● **PROBLEM**: Up to and including the line holding "On the eve of", write out the data exactly from its first line, but not the pictures.

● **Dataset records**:
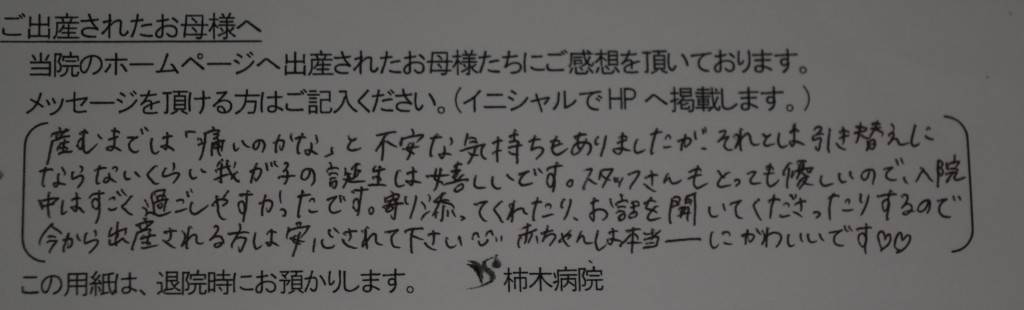 産むまでは「痛いのかな」と不安な気持ちもありましたが、それとは引き換えにならないくらい我が子の誕生は嬉しいです。スタッフさんもとっても優しいので、入院中はすごく過ごしやすかったです。寄り添ってくれたり、お話を聞いて下さったりするので今から出産される方は安心されて下さい☻赤ちゃんは本当ーーーに可愛いです♡
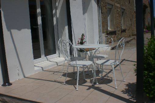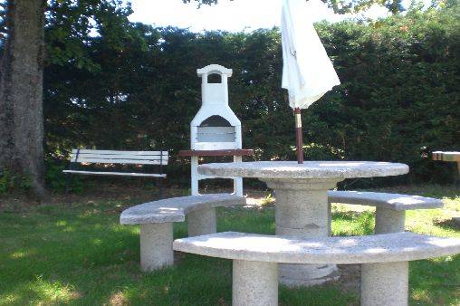 Terrasse, tonnelle + coin ombragé et verdoyant aménagé d'un barbecue et table en pierre sur 150m2 arboré.
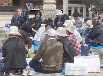 境内では、平日にも拘わらず14〜5名の団体sanがお弁当を広げて花見の真っ最中(^_^)v
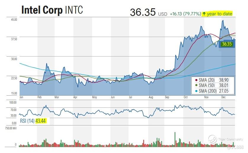 On the eve of Christmas eve, INTC closed down at $36.35 per share.
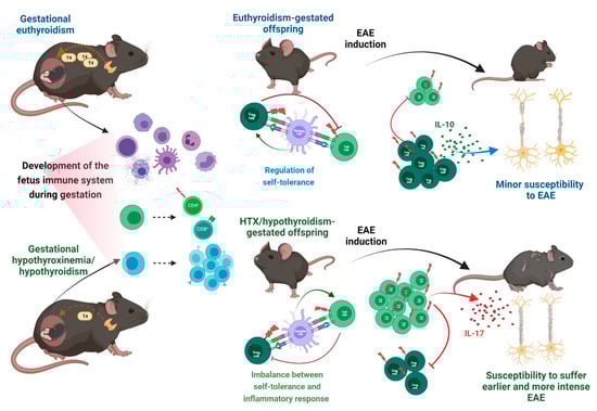 Thyroid hormone deficiency during gestation increases the immune response of the offspring after EAE induction. During the period of gestation, development and migration of immune cells usually occur properly; however, when it takes place under conditions of THs deficiency, this developmental process is altered. The offspring gestated in HTX, or hypothyroidism that was challenged with EAE in adulthood, have an early and severe disease onset that involves a more significant deterioration of the myelin sheath compared to progeny gestated in euthyroidism, which have lower susceptibility to suffering from the disease with less deterioration of the myelin sheath. Furthermore, HTX–Treg lymphocytes have a reduced suppressive capacity and a lower secretion of IL-10, establishing an imbalance of self-tolerance, compared with progeny gestated under euthyroid conditions who have Treg lymphocytes capable of exerting the suppressive effect correctly. Created with BioRender.com (accessed on 1 January 2022).
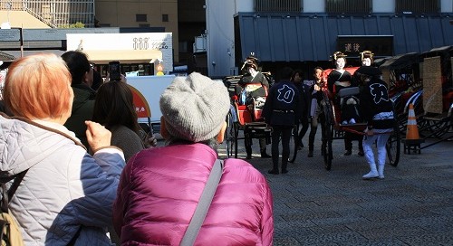 ![]() 芸子さんがタクシーから降りて、人力車に乗り込みました。 |
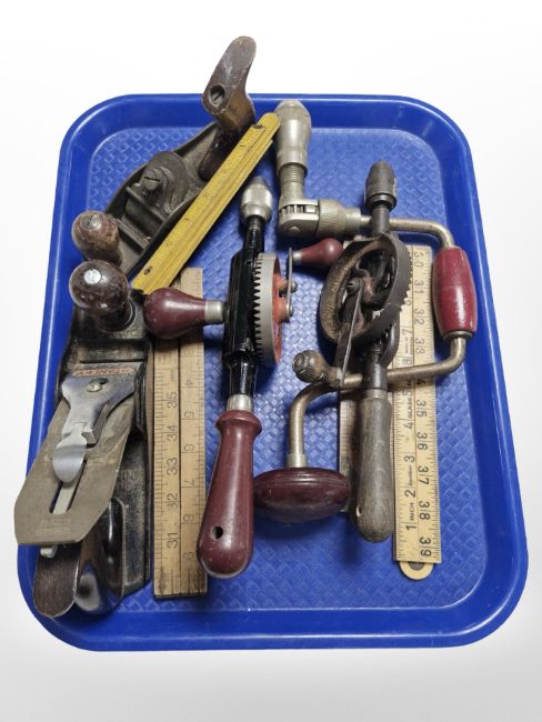 A Stanley Bailey no.4 wood working plane, further No.2 plane, two hand drills, carpenter's brace and group of folding wooden rules
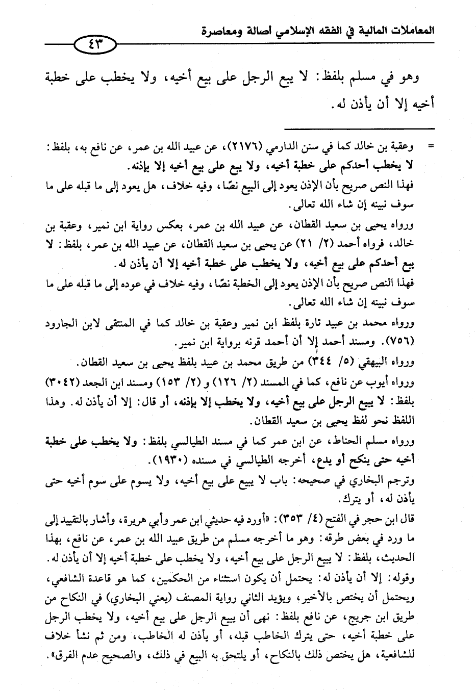= وعقبة بن خالد كما في سنن الدارمي (٢١٧٦)، عن عبيد الله بن عمر، عن نافع به، بلفظ: لا يخطب أحدكم على خطبة أخيه، ولا يبع على بيع أخيه إلا بإذنه.
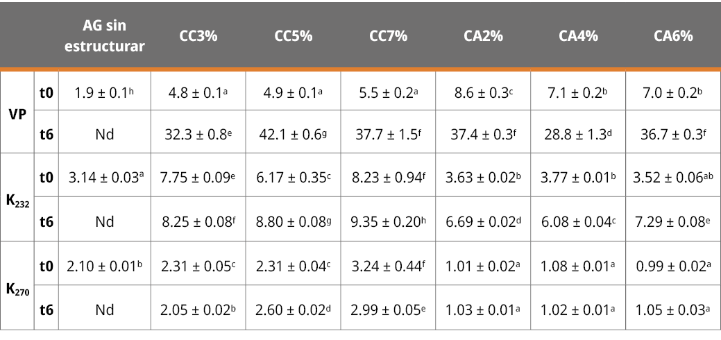 El VP es una medida del contenido de hidroperóxidos totales presentes en la muestra. La absorbancia a 232 nm (K232) determina fundamentalmente la presencia de hidroperóxidos del ácido linoleico (dienos conjugados). La absorbancia a 270 nm (K270) determina la presencia de productos obtenidos de la oxidación secundaria y de trienos conjugados presentes en aceites refinados. De acuerdo con la Tabla 3, los oleogeles estructurados con CA presentaron valores de VP significativamente superiores a los de CC a t0, y a su vez al del aceite sin estructurar. Ello indica que los oleogeles presentaron mayor grado de deterioro oxidativo como consecuencia de su proceso de obtención.
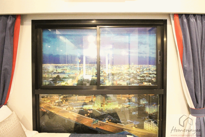 หน้าต่างของห้องเป็นบานเลื่อนอลูมิเนียมสีดำติดกระจกเขียวตัดแสง ส่วนบานล่างจะเป็นบาน Fix นะ
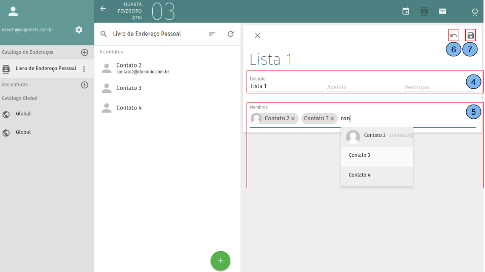 (4) De um nome para a lista. *Na lista de contatos somente é possível cadastrar usuários que já pertençam ao seu catálogo de contatos. (5) Em “Membros” insira os contatos que farão parte da lista. (6)Caso seja necessário é possível desfazer tudo que foi digitado. (7)Se os dados estiverem corretos clique no botão “Salvar”.
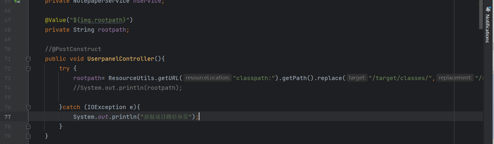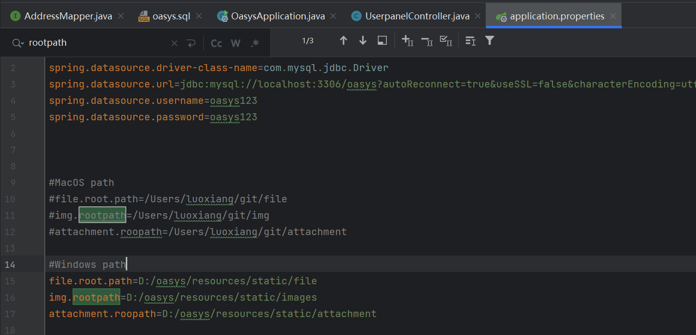 发现以@Value注解定义rootpath的值,而@Value注解的作用就是从项目配置文件中获取信息,于是转到配置文件,搜索关键字:rootpath
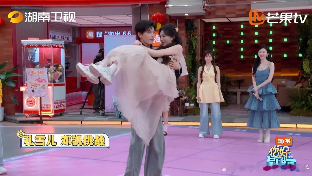 邓凯公主抱孔雪儿深蹲邓凯孔雪儿公主抱 邓凯和孔雪儿玩公主抱游戏,这画面太有爱了!邓凯做得轻松,孔雪儿笑得开心,两人之间的氛围轻松又暧昧,简直是CP粉的盛宴!

● **SOLUTION TO THIS PROBLEM**:
 産むまでは「痛いのかな」と不安な気持ちもありましたが、それとは引き換えにならないくらい我が子の誕生は嬉しいです。スタッフさんもとっても優しいので、入院中はすごく過ごしやすかったです。寄り添ってくれたり、お話を聞いて下さったりするので今から出産される方は安心されて下さい☻赤ちゃんは本当ーーーに可愛いです♡
 Terrasse, tonnelle + coin ombragé et verdoyant aménagé d'un barbecue et table en pierre sur 150m2 arboré.
 境内では、平日にも拘わらず14〜5名の団体sanがお弁当を広げて花見の真っ最中(^_^)v
 On the eve of Christmas eve, INTC closed down at $36.35 per share.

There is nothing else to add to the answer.